La Ermita de la Virgen de la Oliva es el centro espiritual y emocional para los habitantes de Almonacid. Se encuentra situada a las afueras del núcleo urbano, rodeada de un paisaje agrícola que le otorga un aire de recogimiento y serenidad único. El edificio actual data de los siglos XVI al XVIII y está declarado Bien de Interés Patrimonial.
Arquitectónicamente, presenta una planta cuadrada organizada en torno a un patio interior muy pintoresco, con un pórtico de columnas de piedra que sostiene una galería de madera, un diseño que recuerda a la arquitectura tradicional de las antiguas ventas manchegas.

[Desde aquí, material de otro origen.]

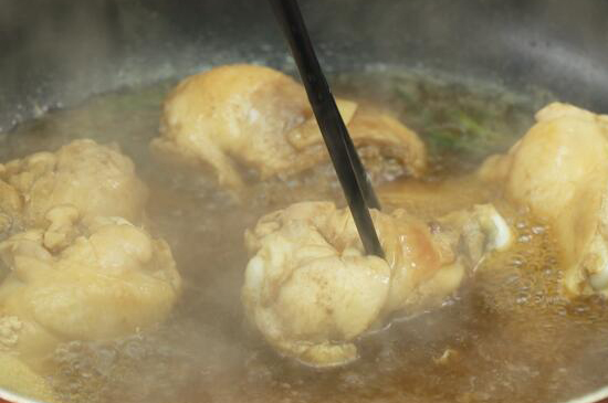 4、鸡腿肉可以用筷子戳破时,调至大火收汁,,直到汤汁收至1/4时,一份美味的蜜汁鸡腿就做好了。 |

En su interior, el altar mayor está decorado con espectaculares frescos del siglo XVII que narran escenas religiosas con un estilo popular lleno de encanto.
Esta ermita no es solo un edificio, es el punto de encuentro de la comunidad. La Virgen de la Oliva, patrona del pueblo, reside aquí durante la mayor parte del año hasta que llega el penúltimo domingo de agosto, cuando se celebran las fiestas patronales. La tradición marca que la virgen es traída al pueblo en procesión, recibiéndola con fuegos artificiales y la famosa “pólvora”.
El entorno de la ermita, con sus zonas de sombra y su conexión con los senderos locales, invita a pasar el día en familia. Es un espacio que respira historia y fe, donde el aroma del campo y el silencio de la llanura te permiten desconectar del ruido diario. Visitarla es adentrarse en la identidad de Almonacid, donde la devoción Mariana se mezcla con el amor por la tierra y el olivar.